Copertina Facebook 'Cosa non è inferno'

Cosa non è inferno – 20/10/2022

A cinquant’anni dall’uscita de “Le città Invisibili” di Italo Calvino, edito da Einaudi, i due artisti decidono di dedicare allo scrittore e a questo testo la loro personale presso la galleria perugina, partendo dall’esortazione finale del libro che invita a “cercare e saper riconoscere chi e cosa, in mezzo all’inferno, non è inferno, e farlo durare, e dargli spazio”.

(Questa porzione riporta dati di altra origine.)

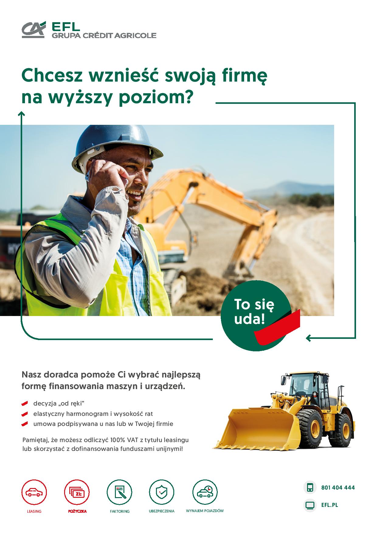 Sprzęt budowlany, zaraz po rolniczym, to najchętniej finansowane przy pomocy leasingu maszyny i urz?dzenia. Z danych Zwi?zku Polskiego Leasingu wynika, że w I półroczu br. firmy leasingowe sfinansowały prawie 8 tys. środków trwałych w „budowlance” o wartości ponad 1,7 mld zł, co oznacza dynamikę na poziomie aż 64% r/r. Po raz kolejny numerem jeden wśród leasingodawców obecnych w branży budowlanej jest EFL. Z portfelem umów o wartości ponad 298 mln zł i dynamik? na poziomie 42% r/r, udział firmy w finansowaniu maszyn budowlanych w I półroczu br. wyniósł ponad 17%.
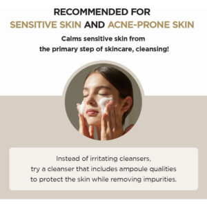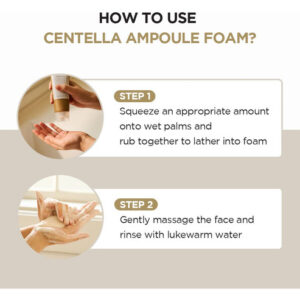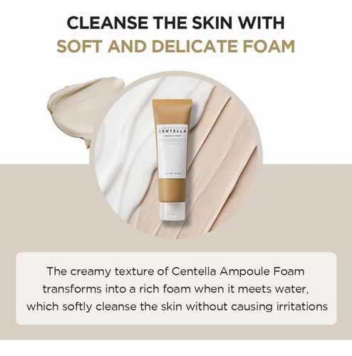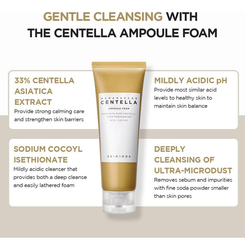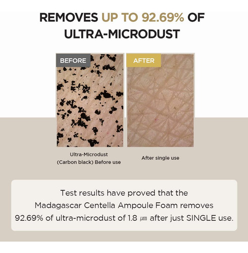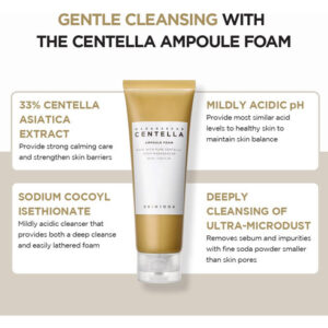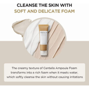 Feito com centela pura de Madagascar, limpador de cuidado diário Centella Asiatica, calmante e equilibrador de pH, efeito de limpeza de partículas ultrafinas. Teste completo de irritação da pele. Este limpador de espuma em ampola contém extrato de Centella Asiatica de Madagascar. A fórmula hipoalergênica levemente ácida equilibra o nível de pH da pele e os surfactantes naturais criam uma espuma rica que limpa a pele deixando-a hidratada e macia. – Um limpador de espuma natural levemente ácido com pH de 5 – O poder de limpeza avançado remove 92,69% da poeira fina – Cria uma espuma rica e delicada com um acabamento macio e hidratante – Consiste em 30% de ampola Centella que acalma e equilibra a pele – Ultrafina o pó de bicarbonato de sódio se liga ao sebo e aos resíduos nos poros para removê-los com eficácia

Del viaggio di Marco Polo nell’impero del Gran Kan restano le conversazioni, le immagini di luoghi sconosciuti agli occhi del sovrano: egli non lascia mai il suo palazzo, ma scopre e conosce i suoi sudditi attraverso le città che hanno costruito, raccontate dalle parole del grande esploratore. Quello che loro fanno è un viaggio nell’umanità e nel tempo dell’umanità: il passato svela il futuro delle città, ne spiega i meccanismi, le crescite e le decrescite, ciò che è destinato a durare e ciò che è destinato a finire.

 Il duo di Bologna ha sempre incentrato la sua pratica sul confine fra onirico e reale creando una dimensione fantastica e favolistica, che resta sempre tangente e vicinissima alla realtà. Per questa mostra, lo spazio della galleria diventa uno spazio per l’anima.

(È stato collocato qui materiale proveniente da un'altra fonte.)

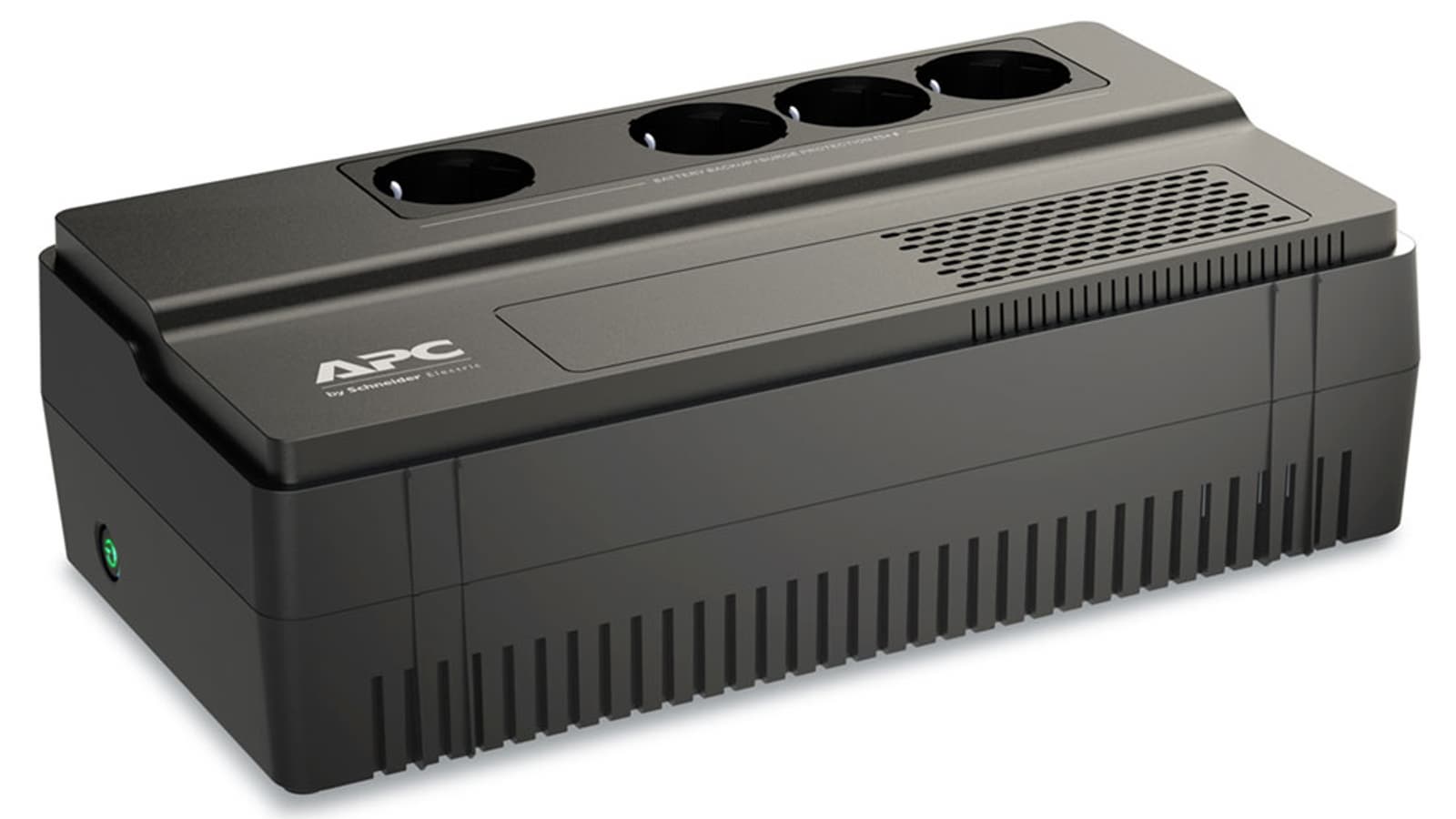 Нам достался ИБП APC Easy-UPS BV800i с четырьмя выходными розетками Schuko (такие модификации имеют буквы «GR» в индексе) и входным кабелем, выходящим из корпуса без разъема (иного для моделей с такими розетками не предлагается).
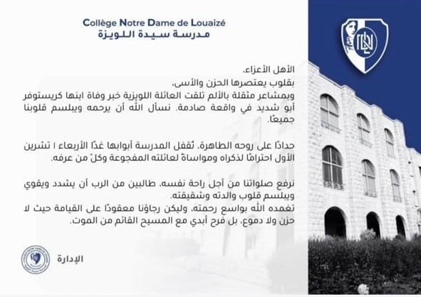 أعلنت مدرسة سيدة اللويزة في بيان، إقفال أبوابها غداً حداداً على روح الطالب كريستوفر أبو شديد.
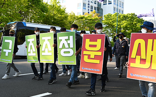 【노동조건】 우리는 노동시간 단축과 생활임금확보, 고용안정, 다치지 않고 일할 권리 확보 등 노동조건을 개선하기 위해 투쟁한다.
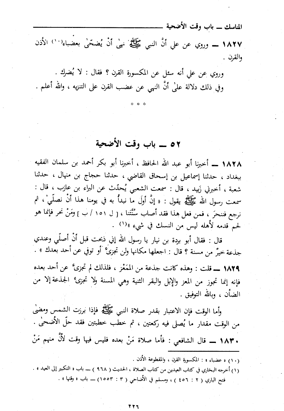 1829 - قُلْتُ: وَهَذِهِ كَانَتْ جَذَعَةً مِنَ الْمَعْزِ، وَلِذَلِكَ لَمْ يُجْزِ عَنْ أَحَدٍ بَعْدَهُ فَإِنَّهُ إِنَّمَا تَجُوزُ مِنَ الْمَعْزِ وَالْإِبِلِ وَالْبَقَرِ الثَّنِيَّةِ وَهِيَ الْمُسِنَّةُ وَلَا تُجْزِئُ الْجَذَعَةُ إِلَّا مِنَ الضَّأْنِ " وَبِاللَّهِ التَّوْفِيقُ. وَأَمَّا الْوَقْتُ فَإِنَّ الِاعِتِبَارَ بِقَدْرِ صَلَاةِ النَّبِيِّ صَلَّى اللهُ عَلَيْهِ وَسَلَّمَ فَإِذَا بَرَزَتِ الشَّمْسُ وَمَضَى مِنَ الْوَقْتِ مِقْدَارُ مَا يُصَلَّى فِيهِ رَكْعَتَيْنِ، ثُمَّ يَخْطُبَ خُطْبَتَيْنِ فَقَدْ حَلَّ الْأَضْحَى
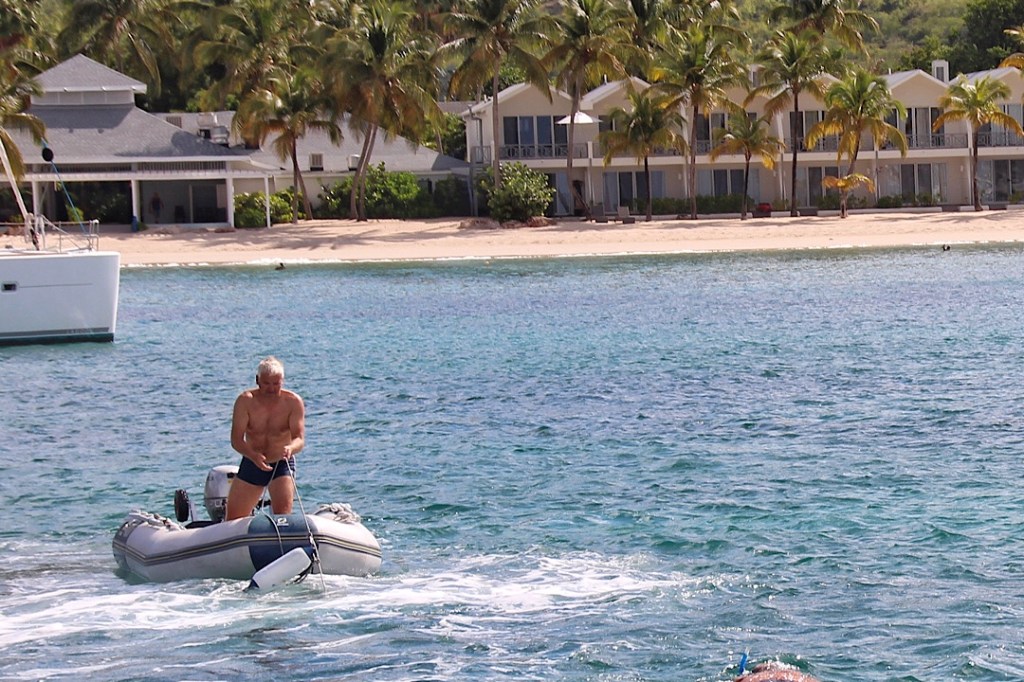Einsiedler oder Eremiten wollen wir deshalb aber trotzdem nicht werden, asketisch, bewusst ohne Ablenkungen und Reize. Im Gegenteil, soziale Kontakte sind uns wichtig und zum Glück können wir auch aus der Ferne die bestehenden weiter pflegen, durch diesen Blog und Eure Kommentare (über die wir uns riesig freuen) und durch andere soziale Medien; WhatsApp-Telefonie hilft uns ungemein. Auch wichtig für uns: neue soziale Kontakte am Ankerplatz entstehen, die UKW-Funkrunden in Jolly Harbour und ganz besonders auch zuletzt in der Carlisle Bay haben für ein tolles Gemeinschaftsgefühl gesorgt. Um so schöner, wenn wir dann bei Lockerung der Ausgangssperre Gesichter zu den Stimmen an der Funke zuordnen kann, am Strand noch maskiert 😷, von Dinghy zu Dinghy (oder Schiff) dann in voller Schönheit 😁. Wir haben es uns auch zur Gewohnheit gemacht, mit dem Dinghy bei unseren Nachbarn vorbeizufahren und uns vorzustellen, was meist gleich zu einem netten Gespräch führt. Der vor dem Lockdown übliche gemeinsame Sundowner fällt zwar aus, aber wer weiß, wann und wo wir den mal nachholen können, diese gemeinsam erlebte Sondersituation schweißt auch zusammen und bleibt ziemlich sicher in Erinnerung.

Dare spazio a ciò che non è inferno è il modo che preferiamo per parlare del nostro tempo. Sarebbe forse più facile parlare dell’inferno, amplificarlo, colpire il pubblico perché si possa riconoscere nelle tragedie personali e collettive. Ma come l’imperatore si fida dei racconti di Marco Polo e immagina le sue città narrate, vogliamo accompagnare i visitatori in un viaggio fatto di leggerezza e racconti inventati, fatti di poesia e fantasia.

A.G.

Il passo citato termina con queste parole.